Discrete weak duality of hybrid high-order methods for convex minimization problems
Ngoc Tien Tran
TL;DR
This work develops a discrete weak duality theory for a prototypical hybrid high-order (HHO) method applied to convex minimization problems with energy $E(v)=\int_\Omega (\Psi(\mathrm{D}v)+\psi(x,v))\,dx$, and its dual $E^*(\tau)=-\int_\Omega (\Psi^*(\tau)+\psi^*(x,\mathrm{div}\tau))\,dx$. By constructing a gradient/divergence/potential reconstruction suite and a dual potential reconstruction within the HHO framework on general polyhedral meshes, the authors prove a discrete weak duality $E_h^*(\tau_h) \le E_h(v_h)$ and derive a priori error estimates with convergence rates under smoothness assumptions. A novel $W^{p'}(\mathrm{div},\Omega;\mathbb{M})$-conforming postprocessing $\sigma_0$ enables an a posteriori error estimate via a primal-dual gap, which is localized on regular triangulations and supports an adaptive mesh-refinement algorithm shown to outperform uniform refinement.

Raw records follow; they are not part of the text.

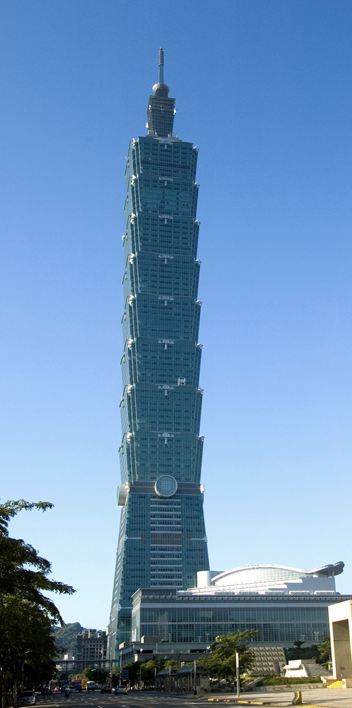 Taipei 101 in Taipei, Taiwan set new skyscraper records when it opened in 2004. (Alton Thompson, 2007) Bân-lâm-gú: Tī i 2004-nî khai-bōo liáu-āu, Tâi-uân Tâi-pak-tshī ê Tâi-pak-101 tshòng-hā tong-sî môo-thian tuā-lâu ê sin kì-lo̍k. 佇伊2004年開幕了後，台灣台北市的台北101創下當時摩天大樓的新記錄。
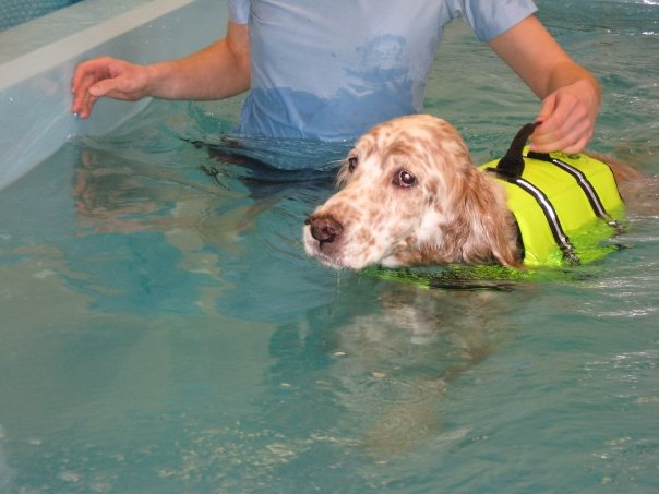 A dog on an underwater treadmill at an animal physical therapy practice.
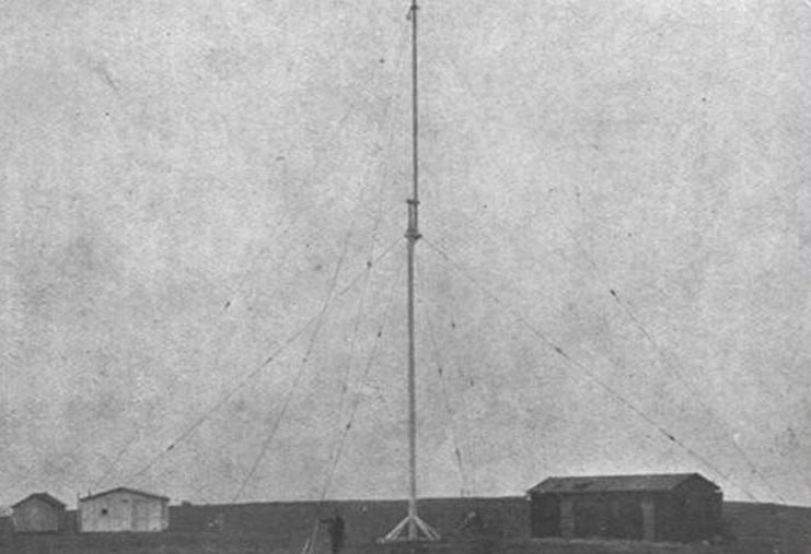 500 kHz Marine radio FFU French Fixe Ushant
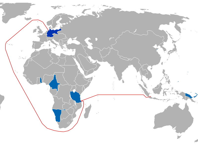 Journey of the auxiliary Ship Marie (Blockade runner 15) from Wilhelmshaven to Batavia (now Jakarta) via Sudi Bay in German East Africa (January 1916 - May 1916).
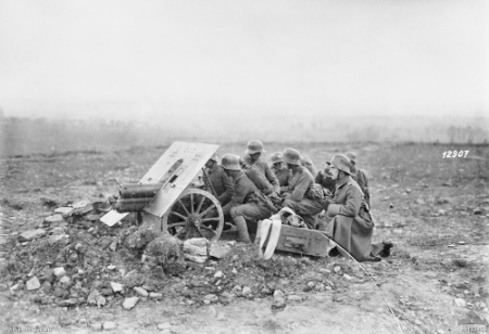 AWM caption : Western Front. October 1918. A German Army anti-tank gun with its crew behind the shield ready to fire at advancing British Army tanks. Comment : This appears to show an Austro-Hungarian Skoda 75 mm Model 15 mountain gun in German anti-tank use.
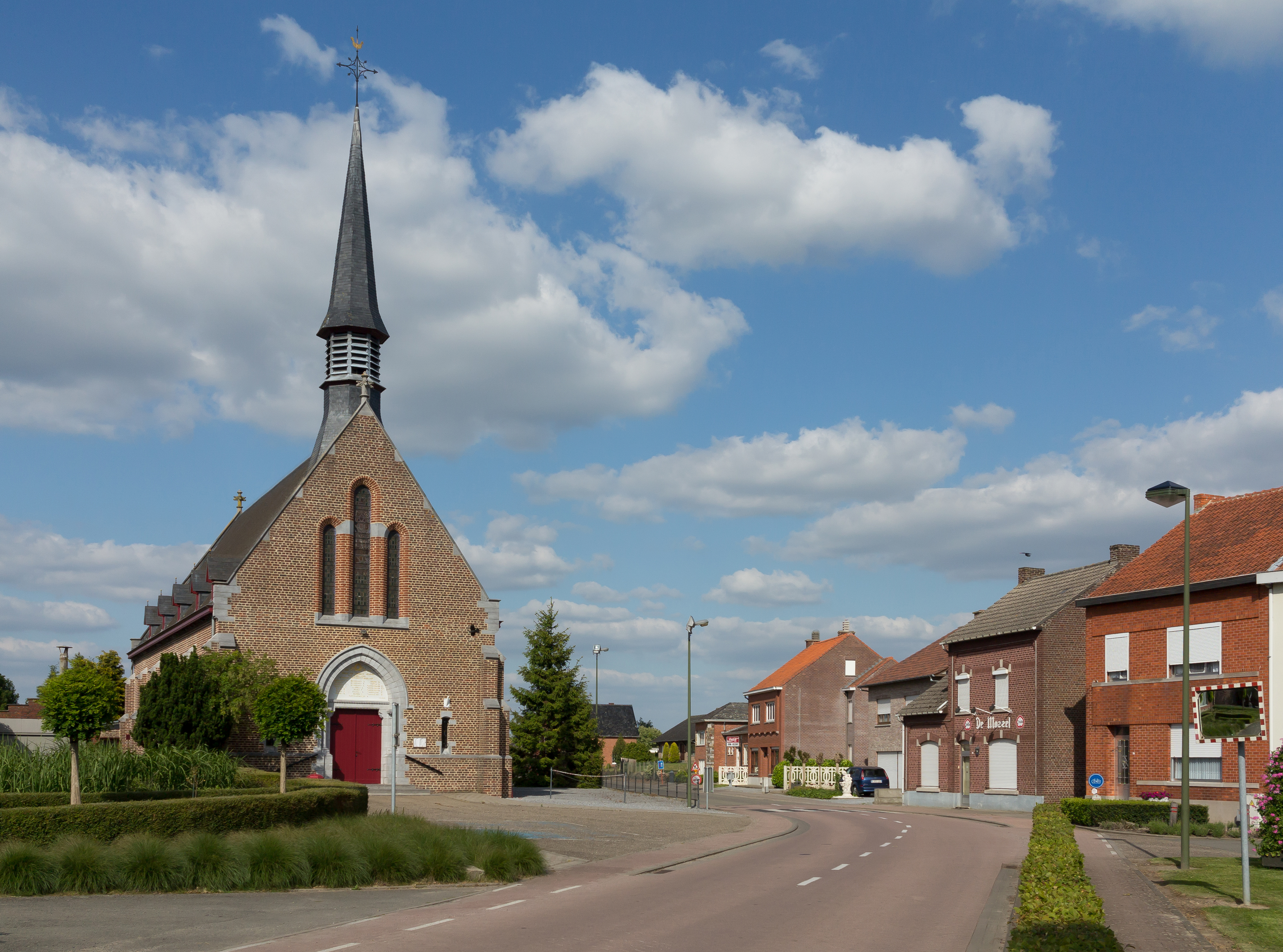 Grazen, church: parochiekerk Onze-Lieve-Vrouw
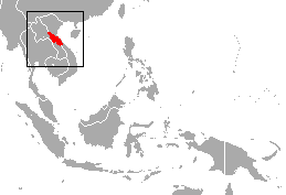 Southern White-cheeked Gibbon (Nomascus siki) range

Numerical experiments across adaptive refinement, optimal design, Bingham flow, and $p$-Laplace problems demonstrate the practical effectiveness of the discrete duality framework and postprocessing in achieving reliable error control and improved convergence. Overall, the paper provides a robust pathway to reliable a posteriori analysis and adaptive strategies for high-order, polyhedral-HHO discretizations of convex minimization problems.
Abstract
This paper derives a discrete dual problem for a prototypical hybrid high-order method for convex minimization problems. The discrete primal and dual problem satisfy a weak convex duality that leads to a priori error estimates with convergence rates under additional smoothness assumptions. This duality holds for general polyhedral meshes and arbitrary polynomial degrees of the discretization. A novel postprocessing is proposed and allows for a~posteriori error estimates on regular triangulations into simplices using primal-dual techniques. This motivates an adaptive mesh-refining algorithm, which performs superiorly compared to uniform mesh refinements.